Hair Classification Systems and Their Cultural Origins?
The scientific classification of hair has its own complex history, sometimes reflecting societal biases. Traditional systems that categorized human hair into broad “ethnic” subgroups (African, Asian, European) failed to grasp the spectrum of human biological diversity. More contemporary approaches, such as the Irizarry Hair Texture Scale, aim to define hair types based on physical features like curl pattern, density, and style, without relying on problematic ethnic categories. This shift acknowledges that hair characteristics exist on continuums, not as discrete racialized boxes.

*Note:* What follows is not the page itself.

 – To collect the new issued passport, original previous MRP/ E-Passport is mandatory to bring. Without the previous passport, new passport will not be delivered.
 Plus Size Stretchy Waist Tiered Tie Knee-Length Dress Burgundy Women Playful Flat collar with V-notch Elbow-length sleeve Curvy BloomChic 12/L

It is worth noting that even modern hair typing systems, such as Andre Walker’s, which categorize hair into numerical types (1-4, with sub-letters), have historical links to eugenics-era classifications. Eugen Fischer, a Nazi German scientist, developed an early system in the early 1900s to determine “Blackness” based on hair texture. This historical context underscores the deep-seated nature of hair discrimination and the importance of legislation like the CROWN Act, which seeks to dismantle these biases. The CROWN Act represents a critical anti-discrimination effort, working to address systemic inequities where hair-based biases intersect with broader societal patterns of disadvantage.

Reflection
The journey of textured hair, from the communal rituals of ancient lands to the legislative chambers of today, truly embodies a living archive, a continuous conversation between past and present. Each coil, each strand, whispers stories of ingenuity, spirit, and unwavering identity. The wisdom of our ancestors, expressed through their meticulous care rituals and the profound meanings they assigned to hair, reverberates through contemporary practices. We see this wisdom not just in the ingredients we choose or the protective styles we adorn, but in the very act of upholding the intrinsic beauty of our hair.

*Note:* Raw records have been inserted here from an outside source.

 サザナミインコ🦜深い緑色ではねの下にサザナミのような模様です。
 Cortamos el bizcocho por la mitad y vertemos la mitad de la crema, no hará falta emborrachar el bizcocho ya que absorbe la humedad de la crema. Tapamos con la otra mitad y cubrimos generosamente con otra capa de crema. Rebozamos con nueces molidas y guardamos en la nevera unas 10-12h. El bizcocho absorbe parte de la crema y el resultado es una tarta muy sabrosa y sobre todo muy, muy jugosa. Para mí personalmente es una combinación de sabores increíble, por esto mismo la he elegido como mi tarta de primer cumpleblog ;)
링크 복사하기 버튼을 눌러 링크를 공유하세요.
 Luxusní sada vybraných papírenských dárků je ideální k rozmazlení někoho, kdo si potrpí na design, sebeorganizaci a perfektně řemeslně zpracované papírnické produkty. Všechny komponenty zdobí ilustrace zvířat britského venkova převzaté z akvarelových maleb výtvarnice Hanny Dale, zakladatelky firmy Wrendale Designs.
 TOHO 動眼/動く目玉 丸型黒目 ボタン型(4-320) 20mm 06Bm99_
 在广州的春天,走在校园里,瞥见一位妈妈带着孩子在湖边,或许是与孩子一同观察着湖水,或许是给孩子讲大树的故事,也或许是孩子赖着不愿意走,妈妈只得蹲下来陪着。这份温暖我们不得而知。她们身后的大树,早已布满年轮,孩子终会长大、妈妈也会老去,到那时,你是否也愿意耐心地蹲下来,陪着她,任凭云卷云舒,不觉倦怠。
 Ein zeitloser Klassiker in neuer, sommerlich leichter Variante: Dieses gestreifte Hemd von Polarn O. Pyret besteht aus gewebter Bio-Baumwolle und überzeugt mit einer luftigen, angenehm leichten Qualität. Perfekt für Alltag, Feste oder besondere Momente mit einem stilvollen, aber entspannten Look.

The CROWN Act, then, stands as a modern echo of this timeless struggle for self-possession. It is a legal affirmation that the deeply rooted expressions of textured hair heritage—braids, locs, twists, and all their variations—are not mere trends or personal preferences to be judged, but integral facets of identity deserving of respect and protection. It is a recognition that the fight for cultural acceptance often begins with the very visible markers of who we are.
Our hair, once a silent language of status and spirituality, later became a silent protest against oppression, and now, through such legislation, becomes a loud declaration of freedom. It is a testament to the enduring soul of a strand, forever connected to its source, forever unbound.

References
- Byrd, Ayana, and Lori L. Tharps. Hair Story ❉ Untangling the Roots of Black Hair in America. St. Martin’s Press, 2001.

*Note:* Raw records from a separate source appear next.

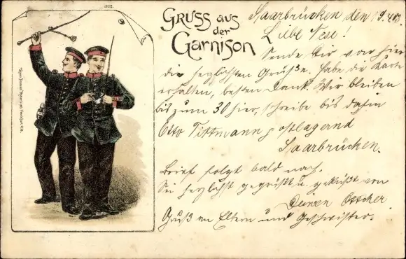 Litho Gruß aus der Garnison, Soldaten in Uniformen
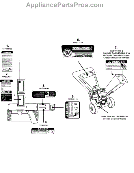 Parts for Yard Machines 24A-464H729 / 2008: Label Map 464 5 Bushel Parts
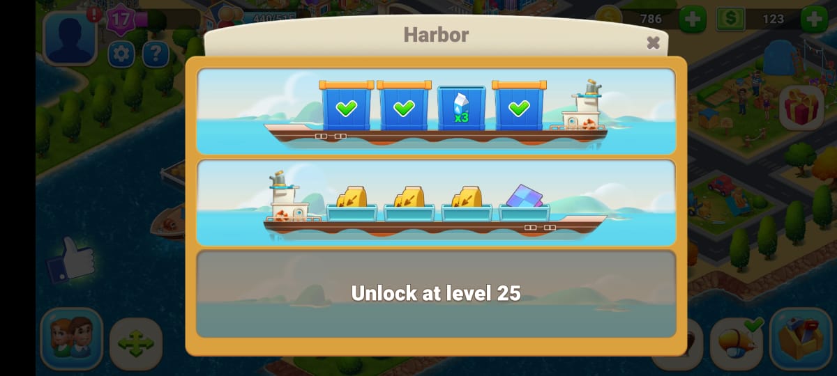 Dengan menggunakan Harbor, Kamu bisa mengirim hasil panen dan pabrik dengan imbalan Material / Bahan untuk pembangunan. Jadi kamu cukup memasukan setiap pesanan ke dalam Harbor, Setelah itu tunggu kapal kembali dan ambil semua material yang di dapatkan.
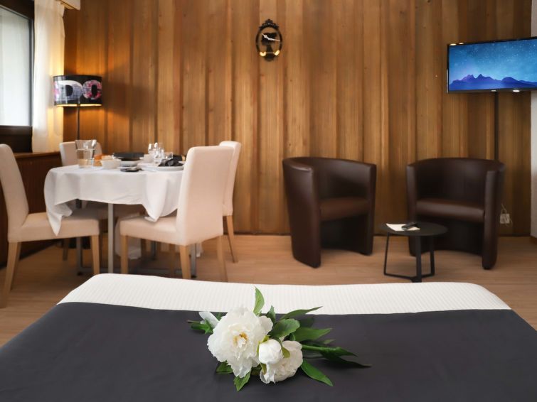 Ski week with my son. Small apartment very well located at the foot of a shuttle stop leading to the gondola. When the snow allows it, return on skis almost to the foot of the building. It is important to note that in a single-parent family, you must agree to sleep with your child in the same bed. Building from the 80s, the interior is period. In addition to kitchen utensils, a microwave would be welcome.

- Carrington, Victoria. The Politics of Hair ❉ The Cultural and Historical Signifiance of Hair in African American and Black Cultures. Syracuse University Press, 2017.
- Dove CROWN Research Study, 2019.
- Gaines, K. M. et al. “Hair Discrimination and the CROWN Act ❉ A Review of the Research and Policy Landscape.” Journal of Public Health Policy, 2023.
- Irizarry, Yasmiyn. “The Irizarry Hair Texture Scale (IHT).” OSF Preprints, 2024.
- Jenkins v. Blue Cross Mutual Hospital Insurance, 538 F.2d 164 (7th Cir. 1976).
- Sims, T. Pirtle, W. and Johnson-Arnold, S. “Hair and the Construction of Race in the United States.” Sociology Compass, 2020.
- Walker, Andre. Andre Talks Hair. Simon & Schuster, 1997.